Özlem Güzelharcan bir yazısında şöyle der:

“Hangi iş yerinde çalışırsanız çalışın genç olmak bir beladır, başınıza musallat olan, hayatınızı cehenneme çeviren bir lanettir. Çünkü muhabbete gelince kesinlikle genç olduklarını iddia eden yaşça sizden büyün yaşlılara göre tüm önemli işleri gençler yaparlar! Bu önemli işlerin büyük çoğunluğu sağa sola koşturmakla, eksikleri tamamlamakla, organizasyon görevlerini üstlenmekle ilgilidir. Bütün bunları büyük bir hızla ve aynı orandaki enerji ile yapmak da genç olan’dan beklenen önemli özelliklerdendir. Nitekim genç insan kesinlikle yorulmaz. Genç insanın morali bozuk olmaz, olamaz. Genç insanın iş güç dışında yapacak hiçbir şeyi yoktur. Genç insanın iş dışındaki bütün vakitleri “boş” kategorisindedir, aksi düşünülemez. Genç insan hiçbir şeyden şikayet etmez, etmemelidir. Genç insan iyi giyinmelidir, sürekli makyajlı dolaşmalıdır aski halde hastadır veya -eyvah ki eyvah- bu genç yaşında kendinden geçmiştir! Genç olduğu için başkalarının yapması gereken görevleri de kolaylıkla üstlenebilir. Genç insan hata yapmaz. Genç insan her daim neşeli ve dinamik, yanakları al al ve gözleri güleç olmalıdır. Ve genç insan hiç yaşlanmaz , sonsuza kadar genç kalacaktır o kutsal insan!”

Burada Bears adına bir şeyler  karalamak için kendimi bulduğum zaman, sezon içinde de geçireceğimi sandığım psikosomatik sancılar, romantizm ve gerçekçilikle arada kalan sanrılarda buluyorum kendimi. Yukarıda alıntılandırdığım paragrafı okuduğum zaman maçın ardından “genç” olma heyecanımı kaybettiğimi, taraftarlığı özümseyemediğimi de düşünmüştüm, oysa durum böyle değil, çok sevdiğiniz bir dizide öyle bir şeyler olur ki bir sezon izleyemez hale gelirsiniz, benimki de o hesaba döndü sanki.

Taraftar olmak zor şey NFLTR.com okurları, yaşamımın daha farkındalığı düşük zamanlarında “gözü kör” taraftar oldum elbette, taraftar hayalperestliğini de hala bir köşeye atmış değilim ancak gerçekler o kadar bitkin düşürüyor ki maç hakkında iki kelamda bulunamıyorum.
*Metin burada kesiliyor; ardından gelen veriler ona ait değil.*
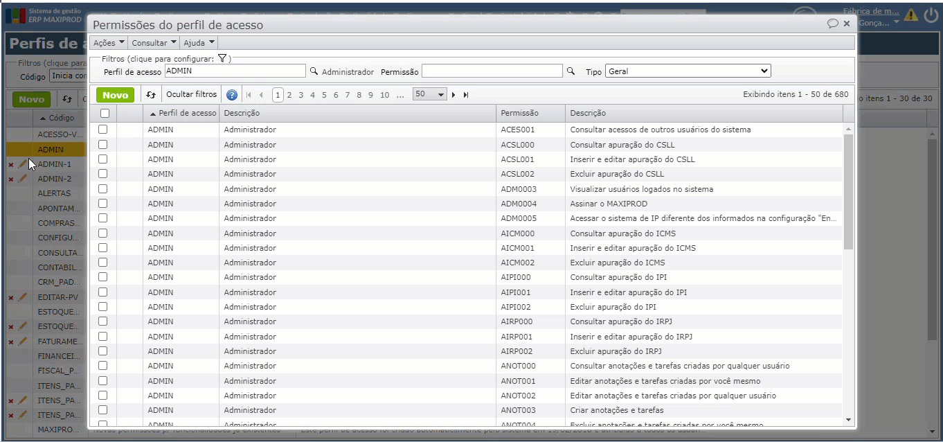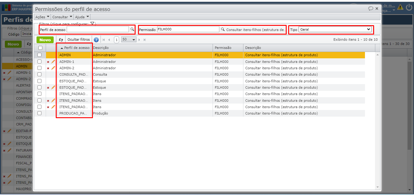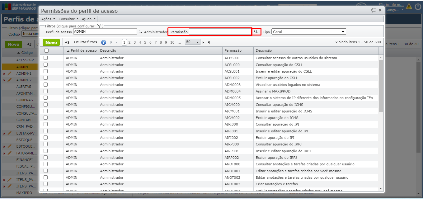 4) Ao filtrar pela permissão, com o filtro “Perfil de acesso” limpo, o sistema exibe os perfis de acesso que possuem essa permissão. Porém, a consulta é feita por “Tipo”: escolha entre “Geral”, “Exclusivo de vendas” ou “Exclusivo de apontamento de operações”.
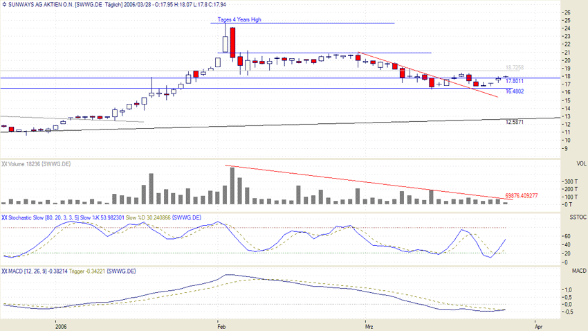 Durch Zusammenarbeit mit Uni Konstanz technologisch vorne dabei, mit der neuen Fabrik auch massemäßig ordentlich aufgestellt, die Zusammenarbeit mit neuen Partnern wird Früchte tragen. Ich meine aber, dass dieser derzeitige Zustand einschließlich Gewinn und Umsatzerwartungen in den momentanen Kurs - sagen wir mal ohne HBV-Pflege bis ca. 20 EUR - eingepreist ist. Die Marktkapitalisierung steht bei diesem Wert in einem für Solarbetriebe vergleichsweise vernünftigen Verhältnis zu erwartetem Umsatz und Gewinn 2006 und 2007. Also sind m.E. künftige Wertsteigerungen mit Verdoppelungsaussicht oder mehr nur mit weiteren erheblichen Kapazitätserweiterungen, Aquisitionen etc. zu erreichen. Ich für mein Teil habe SUNWAYS auf dem Weg von 1,80 EUR bis 18 EUR begleitet und werde der Aktie deshalb emotional stets verbunden bleiben....
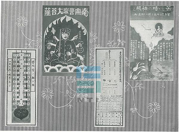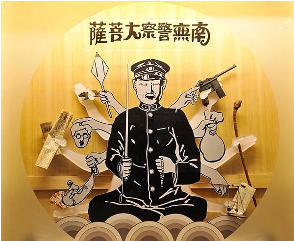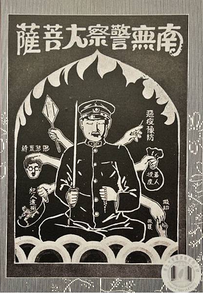 此為1926年(大正15年)臺北州警察衛生展覽會所展出的海報,將警察化身為千手觀音菩薩,一手拿刀一手拿佛珠,代表糖與鞭子,無事不管,從衛生取締,思想取締,原住民授產,逮捕犯人,救助。有研究者曾說臺灣當時可說是警察之島

Olur da maç izlemek isterseniz Bears karşılaşmalarını seçmeyin derim, keyifsizler, ligdeki diğer takımların edindiği bir amaç  var en azından, bazıları sezon hakkında büyük bir beklentide olmasalar bile genç oyuncularını partlatma niyetindeler, herkes için sezon çok erken zaten ancak Rüzgarlı Şehri’nin takımına şimdiden sezon zulüm olacak gibi duruyor.

Bir sonraki yazıda en azından iç açıcı bir havadan, çiçekten böcekten bahsetmek isterdim ancak malum havanın durumu da son bir iki haftadır. Tek heyecanlanabileceğim yer belki de geçtiğimiz sezon altıncı sıradan draft edilen David Fales’ın sezon içinde birkaç maçta kendine yer bulması olabilir, baş koç Tilki’ye bu dileklerimi yazılı olarak da ileteceğim.